At DoorDash, real time events are an important data source to gain insight into our business but building a system capable of handling billions of real time events is challenging. Events are generated from our services and user devices and need to be processed and transported to different destinations to help us make data driven decisions on the platform.
Historically, DoorDash has a few data pipelines that get data from our legacy monolithic web application and ingest the data into Snowflake. These pipelines incurred high data latency, significant cost and operational overhead. Two years ago, we started the journey of creating a real time event processing system named Iguazu to replace the legacy data pipelines and address the following event processing needs we anticipated as the data volume grows with the business:
- Data ingest from heterogeneous data sources including mobile and web
- Easily accessible by streaming data consumers with higher abstractions
- High data quality with end to end schema enforcement
- Scalable, fault tolerant and easy to operate for a small team
To meet those objectives, we decided to create a new event processing system with a strategy to leverage open source frameworks which can be customized and better integrated with DoorDash’s infrastructure. Stream processing platforms like Apache Kafka and Apache Flink have matured in the past few years and become easy to adopt. By leveraging those excellent building blocks, applying best engineering practices and a platform mindset, we built the system from ground up and scaled it to process hundreds of billions of events per day with 99.99% delivery rate and only minutes of latency to Snowflake and other OLAP data warehouses.
The talk will discuss in detail the design of the system including major components of event producing, event processing with Flink and streaming SQL, event format and schema validation, Snowflake integration, and self-serve platform. It will also showcase how we have adapted and customized open source frameworks to address our needs, and solved some of the challenges including schema update and service/resource orchestration in an infrastructure-as-code environment.
Can you tell me what the focus of your work is these days?
Currently I'm focused on creating and improving the real-time event processing in DoorDash. What we have been doing is creating an architecture and frameworks that make event processing easy, scalable and reliable for event publishers and consumers. We created a unified event publishing framework that makes event publishing easy for both internal microservices and mobile clients.

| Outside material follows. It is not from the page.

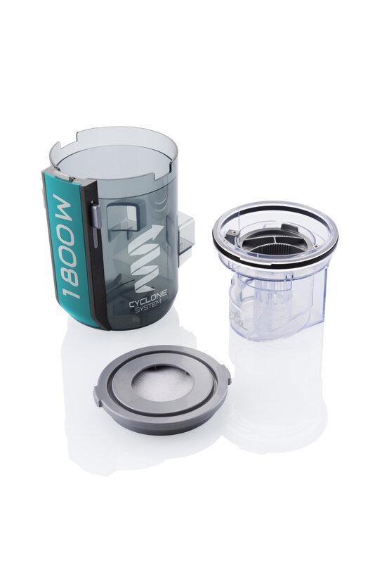 Cyklonový systém vysávání zachytí veškeré nečistoty, které se následně usazují ve speciální bezsáčkové nádobě s filtrem. Na dokupování náhradních sáčků do vysavače tak můžete s klidem zapomenout. Vyprázdnění plné nádobky je snadné, stejně jako veškerá manipulace i výměna příslušenství.

For consumers, we have created a stream processing framework built on top of Apache Flink that supports different abstractions for different kinds of consumers. That means you can either write Flink code with customized stream processing logic or use a decorative approach where you can create your stream processing application with Flink SQL or YAML configurations.
The platform also has built-in integrations for our data warehouse Snowflake, and all that data stores and provide end-to-end schema enforcement. So for the past two years, I have been pretty busy with creating these basic building blocks that enable such a system. Nowadays, we are starting to build more product solutions like sessionization, which leverage the system to facilitate deeper level user behavior analysis at scale. And then that's just an example of interesting and challenging areas that we are expanding into.
What is the motivation behind your session?
At the end of 2019, after a few years and contributing to Netflix's Keystone pipeline, I left Netflix and joined DoorDash. I was given the opportunity to build a real-time data platform from scratch, and I really enjoy the journey. After two years of work, I felt it was in good shape and it had a very decent scale. So given both my Keystone experience and what I have been doing at DoorDash, I feel there is a consistent pattern of building a successful real-time event processing system, and I think it would be a great idea to share that with the rest of the software community. So that's my major motivation.
How would you describe the persona and level of your target audience?
I think my talk will fit any software engineer who is interested in learning the fundamentals of even processing and building a scalable and fault tolerant system. Whether you work in a small company or large company, you have little experience or extensive experience in the subject, I will strive to balance my talk so everyone can learn something from it.
Is there anything specific that you would like these folks to walk away with after seeing your session?
As I mentioned before, there are some principles of building real-time data platforms that have passed the test of time. I want the audience to walk away with these patterns and maybe some concrete ideas of how to implement those. For example, how do you build appropriate abstractions for event publishing and event consuming? How do you decouple services to make systems scalable? And how do you isolate failures to make your system fault tolerance? And in addition, I will cover the open source frameworks that we have used extensively in the system. I also hope the audience will walk away with some ideas of how you can evaluate open source frameworks, research their sweet spot and how to extend them to your needs.
Software Engineer @DoorDash, previously Lead for real-time data infrastructure team @Netflix
Allen Wang is currently a tech lead at data platform at DoorDash. He is the architect for the Iguazu event processing system and a founding member of the real time streaming platform team.
Prior to joining DoorDash, he was a lead in the real time data infrastructure team at Netflix where he created the Kafka infrastructure for Netflix’s Keystone data pipeline and was a main contributor to shape the Kafka ecosystem at Netflix.
He is a contributor to Apache Kafka and NetflixOSS, and a two-time QCon speaker.